Ian MacLaren and fellow union leader Ian Craven will tell the MPs that closure of York's HQ makes no sense from either a military or financial perspective.
Mr MacLaren claimed research had shown that it would be £15 million cheaper over ten years to site the HQ at York, mainly because it would mean substantially fewer redundancies than the alternative.
"It's also our belief we have established that militarily, the best place is York," he said.
Dr Stafford said he had conducted a study for City of York Council of the impact of closure on the York economy, and concluded that it would cost a total of £6.75 million per annum, primarily through the loss of salaries to staff.
As well as the loss of 235 full-time equivalent staff, he had calculated that an additional 21 jobs would be lost elsewhere in York through reduced spending on services and goods.
Mr Bayley will tell the MPs that three times as many army recruits come from the North of England as Scotland, and four times as many soldiers are based south of the border as north.
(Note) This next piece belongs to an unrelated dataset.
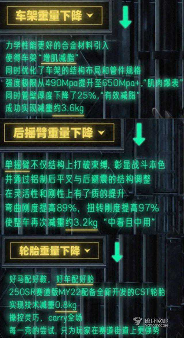 近期春风官微连续为代号为MY22的250SR赛道版升级车型预热造势,之前摩友们猜测卖关子的那“一降”会是价格或座高,直到3月6日春风自揭答案,和欧耶菌推测的一致——不是价格,而是车重。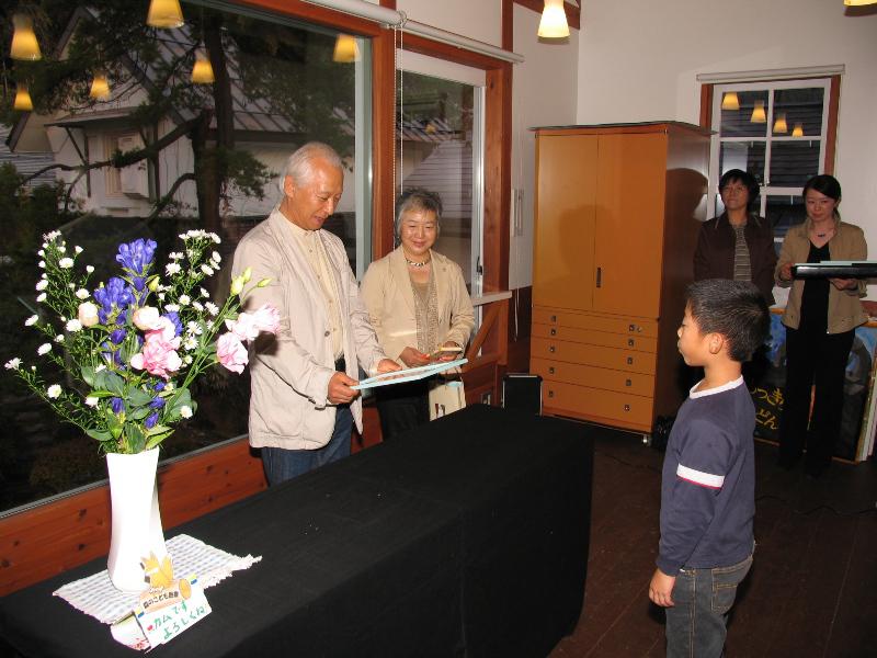 『カム』の名付け親の小野晃広君、いっぱい本を読んでくれた小野 樹さん、家族でたくさん森図書を利用してくれた石田ファミリーにささやかなプレゼントを準備させていただきました。

He said: "The military tradition in the north of England is just as strong as it is in Scotland."
Professor Keith Hartley, of the university's Centre for Defence Economics, said he could not see either military or economic logic in favour of locating the HQ in Edinburgh.
But he could see a political logic, in that the first Minister of Scotland might want troops based in Edinburgh.
Scores of readers have continued to send in coupons printed in the Evening Press opposing the closure of the HQ, bringing the total to date to more than 600.